A l’occasion d’une convention de son parti sur les questions de défense, le président du parti Les Républicains, a cru bon de sonner une charge maladroite et assez malhonnête contre la politique de défense menée depuis 2012. A l’heure où notre pays fait face à des menaces sans précédent, cette pratique n’est pas seulement inédite en France de la part d’un ancien chef de l’Etat sur des questions de défense, elle est aussi irresponsable.
Nicolas Sarkozy n’éprouve manifestement aucune gêne à tordre la réalité en accusant le Président de la République d’être responsable d’un budget de la Défense « inférieur à celui de l’Allemagne pour la première fois depuis 1945». Celui qui a été chef de l’Etat – et donc chef des armées – ne peut pourtant ignorer que ce budget a connu une baisse continue depuis 2008, jusqu’à passer pour la première fois juste derrière celui de l’Allemagne… en 2012, soit en raison d’une programmation budgétaire décidée par lui-même !
Quant à la baisse des effectifs qu’il pourfend, comment peut-il ignorer qu’elle a été appliquée de manière aveugle sous son quinquennat, qui a vu disparaître 135 200 postes entre 2007 et 2012 et entérinée la suppression de plus de 45 000 postes dans la loi de programmation militaire 2009-2014 ?
Il serait honnête, de la part de celui qui prétend à nouveau assumer les plus hautes fonctions, de reconnaître que François Hollande a engagé dès sa première loi de programmation militaire 2014-2019 un ralentissement considérable de cette hémorragie. A la suite des attentats de 2015, le chef de l’Etat augmenté de 3,8 milliards d’euros le budget prévu par cette loi et préservé 18 750 postes sur les 34 000 suppressions prévues d’ici 2019.
Le président des Républicains serait autrement plus utile à son pays s’il cessait de dresser des comparaisons inappropriées et erronées avec l’Allemagne, nourrissant ainsi un sentiment de décrochage d’autant plus nocif qu’il est inexact : la France consacre 1,46% de son PIB aux dépenses de Défense, quand l’Allemagne se limite à 1,08%. C’est 490,7€ par an et par habitant en France contre 399,9€ en Allemagne. Nicolas Sarkozy prétend faire progresser les dépenses de défense jusqu’à 1,85% du PIB, soit un effort cumulé de 32 milliards sur 5 ans : dont acte. Mais il serait utile d’expliquer comment il compte s’y prendre tout en réduisant les dépenses publiques de 100 milliards d’euros sur un quinquennat.

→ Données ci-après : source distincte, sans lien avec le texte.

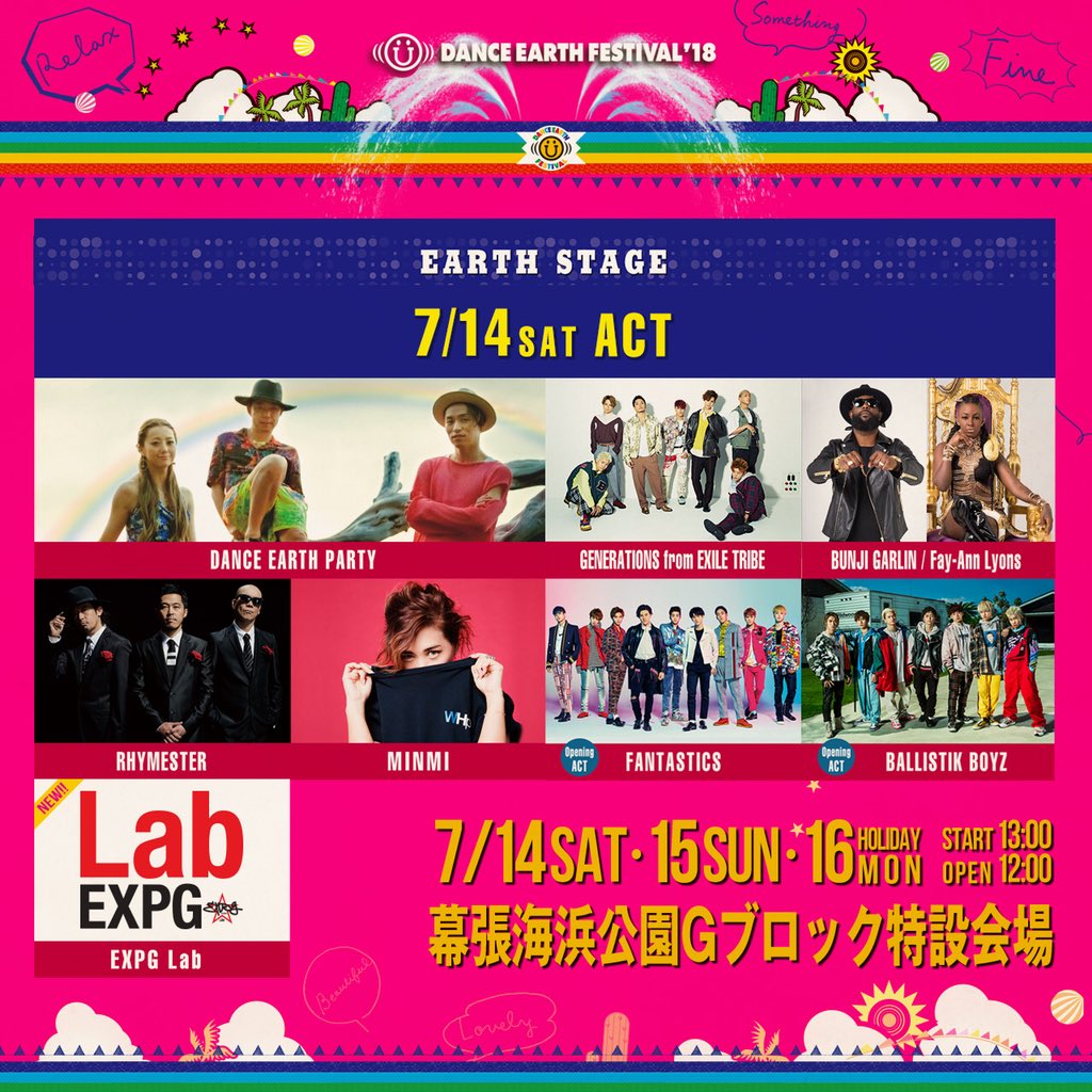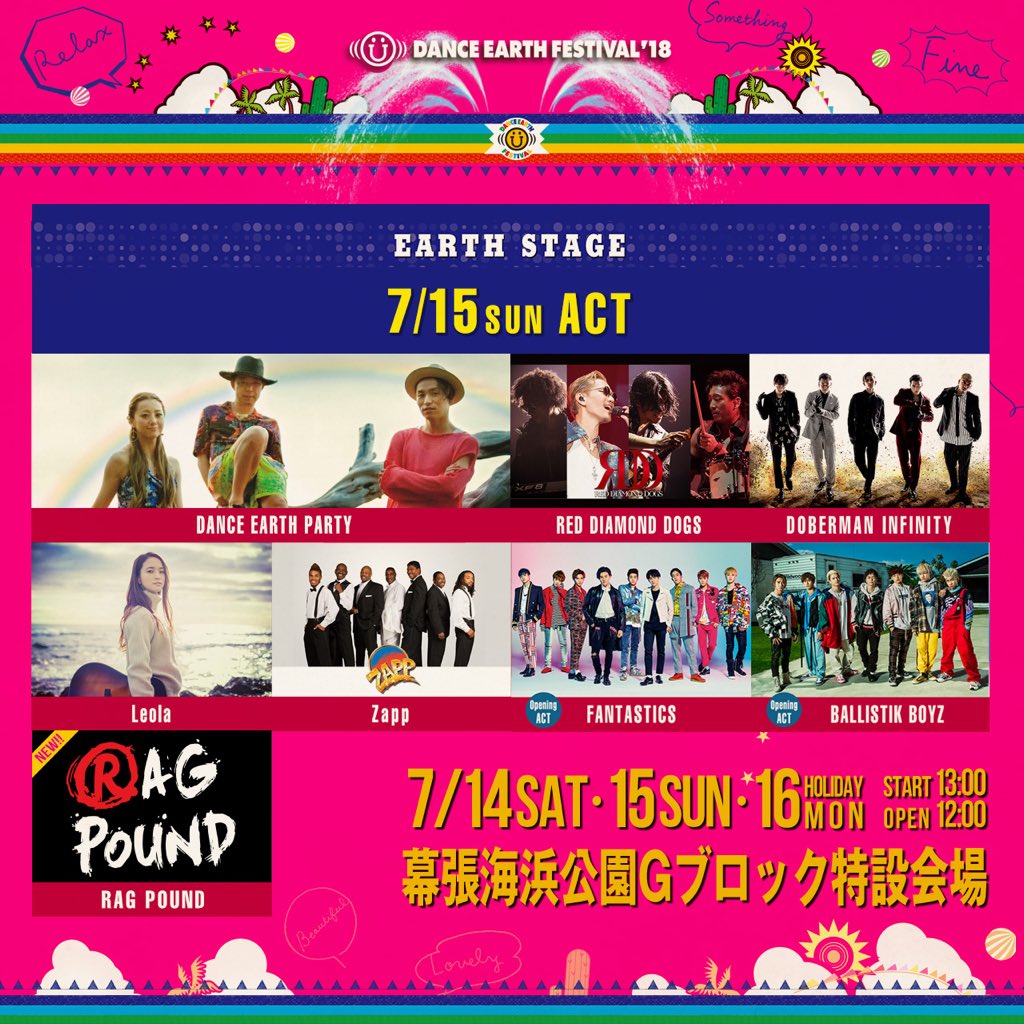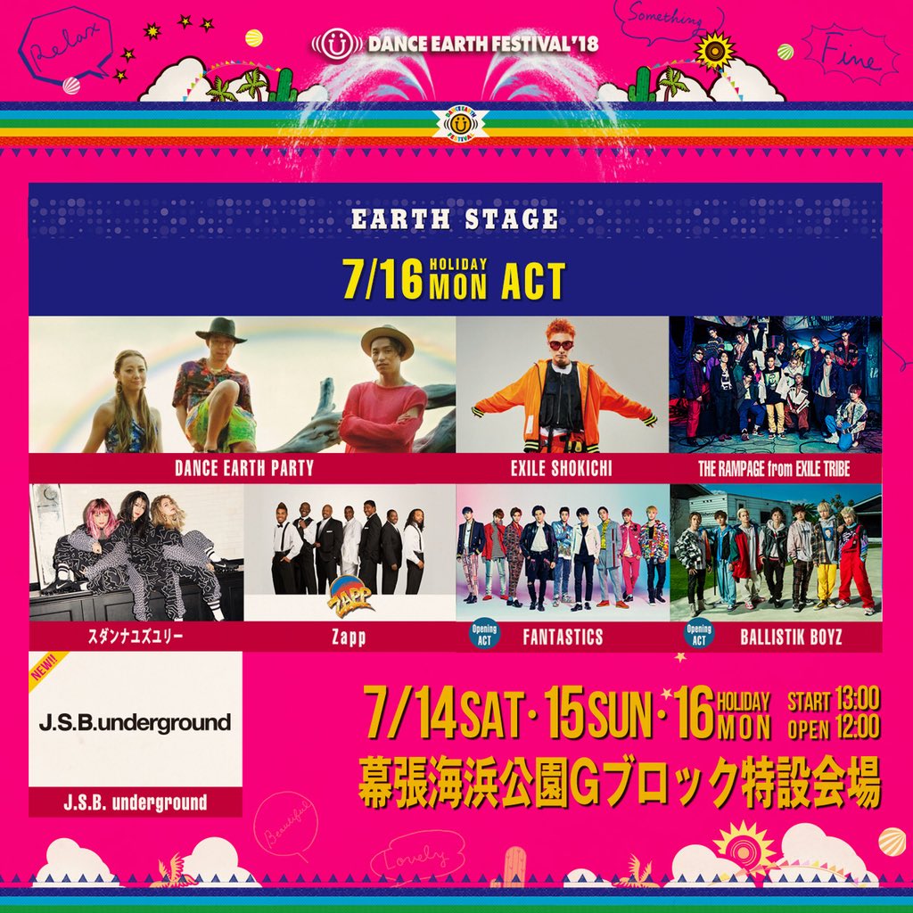 DANCE EARTH FESTIVAL 2018一般発売は6/16〜!詳細は公式HPで随時更新します!メンバーメッセージも是非チェックしてください♬
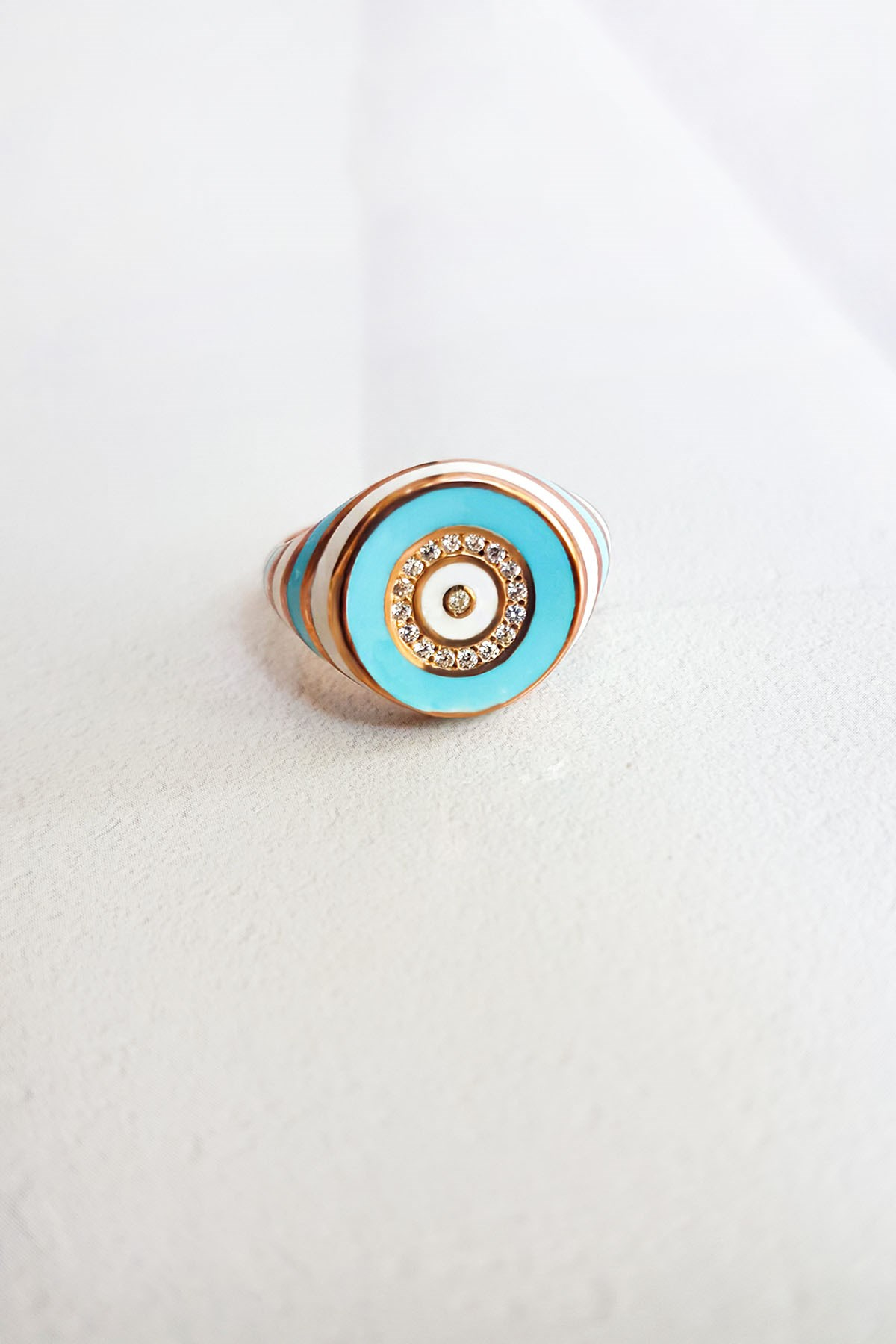 Pastel Mavi Mineli Yuvarlak Gümüş Yüzük
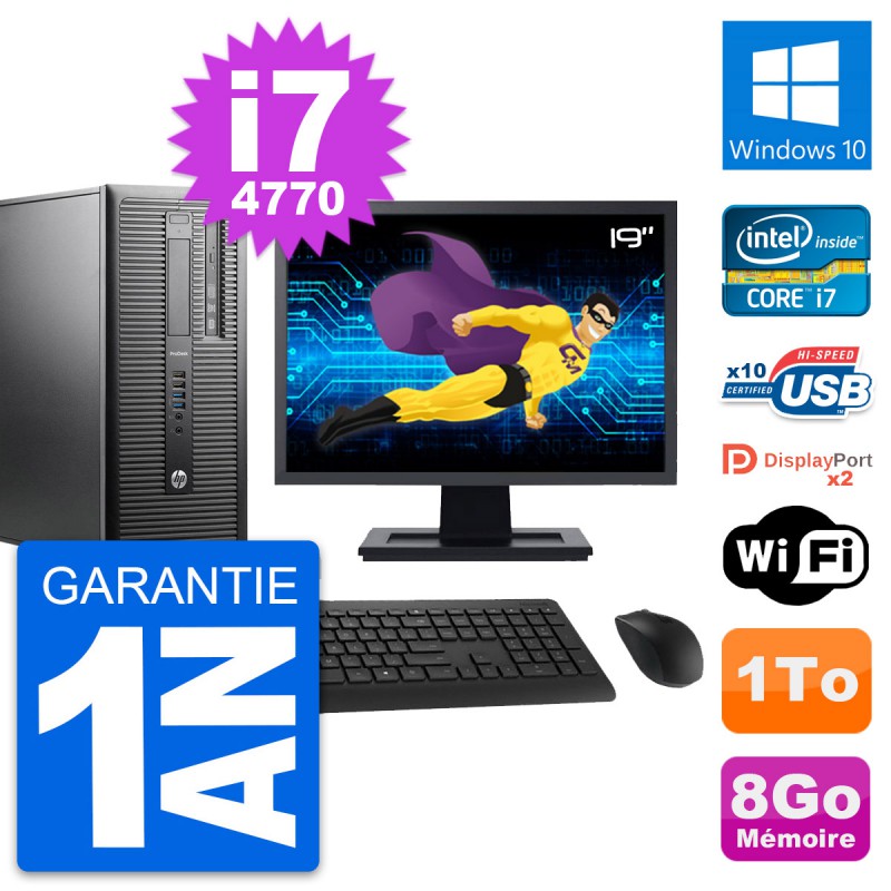 PC Tour HP ProDesk 600 G1 - Intel Core i7-4770 3.4 Ghz (8 Mo) - 8 Go DDR3 - Disque Dur 3,5" 1 To - Graveur DVD - Clef Wifi USB - Windows 10 - Livré avec Ecran 19" + clavier + souris (Marques et modèles variables) - Garantie 1 an.

Enfin, le Parti socialiste s’étonne des propos tenus par l’ancien président de la République au sujet de « l’incapacité du pouvoir actuel de mobiliser une coalition autour des forces françaises au Mali ». Pourtant, cette opération repose sur une coopération multi-étatique étroite avec le regroupement dit du « G5 Sahel » ainsi que sur un accroissement de contributions de l’Union européenne et des Etats membres pour la formation des armées de la région et au sein de la force onusienne de la MINUSMA. S’agit-il d’ignorance ou de malhonnêteté intellectuelle? De même, en comparant les opérations extérieures de la France à des « forces d’occupation ou de police », Nicolas Sarkozy feint de nier l’évidence : combattre le terrorisme djihadiste dans la bande sahélo-saharienne, en Syrie et en Irak, est une condition indispensable à la protection de la France et de l’Europe. Pour être efficace, cette action doit s’inscrire dans la durée.
En alliant malhonnêteté et maladresses, tout cela dans un objectif de polémique politicienne, Nicolas Sarkozy ne rend décidément pas service à la France et affiche bien des difficultés à se placer au niveau auquel les enjeux de sécurité et de Défense nous obligent aujourd’hui.